Так! Хватит! - взревел Дмитрий Всеволодович. - Все! Скажите мне: как можно жить в этом? Кто может жить в этом?! Как это все можно терпеть?! Невероятно!

Дмитрий, простите, но где же альтернатива: не жить?..

Все, я понял, в чем «миссия»! Все! Вы спрашивали, в чем миссия? - отвечаю вам: пугало! Ясно вам? Это пугало для всего мира, страна--пугало и народ--пугало: будете себя -

Но это же и… -

Будете себя плохо вести - будете вот такие! Понятно?

Но это же и ваш народ тоже! Вы тоже… -

Мо-ой?! - захохотал Дмитрий Всеволодович, - э не--е--эт!

- …Как же это так, «не ваш»?

Чем он мой? Где он мой? И не мой, и не ваш этот народ, не надейтесь! Смотрите: все разное! лица разные, кожа разная, глаза разные: у вас осмысленные глаза, у Лели вон осмысленные глаза, а не свиные - ровно ничего общего между нами!

А как же язык? Если мы говорим на одном языке...
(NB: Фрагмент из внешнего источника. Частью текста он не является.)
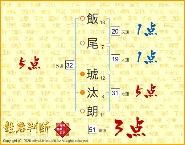 飯尾琥汰朗さんの地運は31画の5点!

Ай, конечно, мы не говорим на одном языке! «ЛТП» выясняли: в вашем языке нет ЛТП, в их языке нет - что там было? - компаративной этимологии. И Достоевского никакого нету в их языке! И церковных этих... Три матерных слова в их языке, все! Мы раз-ны-е!

Типа низшая раса, - с кривой усмешкой переспросила Леля, - и высшая раса?
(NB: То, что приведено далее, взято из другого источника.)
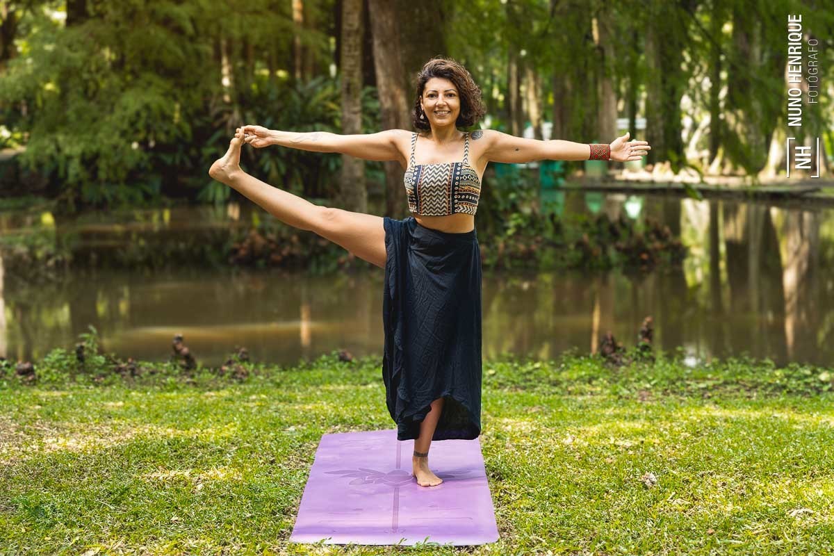 A luz filtrada pelas árvores desenhou contornos suaves, enquanto o silêncio do parque criou o cenário ideal para expressar força com delicadeza. O Hatha Yoga aparece na estabilidade das bases, na firmeza das transições. O Vinyasa Flow surge na fluidez, na continuidade do movimento que conecta uma postura à outra.

Именно! Именно. Раса, да, каста, да! Каста, раса, конечно!

Ага. Вы еще и фашист?

От как я обожаю эти названия: «фашист», «фрейдист» - ярлык прилепили, и радуемся, и довольны! Идите скажите Америке: пусть не будут фашистами, пусть откроют границу, пустят к себе Сомали, миллиона четыре, Судан, и посмотрим, что будет с Америкой - вон она уже вся трещит! Вон идите скажите Швейцарии, пусть откроет границу, пусть сюда приедут Тува и Коми, посмо̀трите, что останется от Швейцарии, покатаетесь на скейтборде, да-да! Рим - и варвары. Пока держали границу - был Рим, а прорвали границу - все, нету Рима! Элементарно, как разные уровни, шлюзы: никогда нижний уровень не подымается к верхнему, всегда падает верхний! Нет, не-т, только шлюз, только стену бетонную, и колючую проволоку под током, и автоматчиков - и тогда еще кое--как, кое--как можно надеяться…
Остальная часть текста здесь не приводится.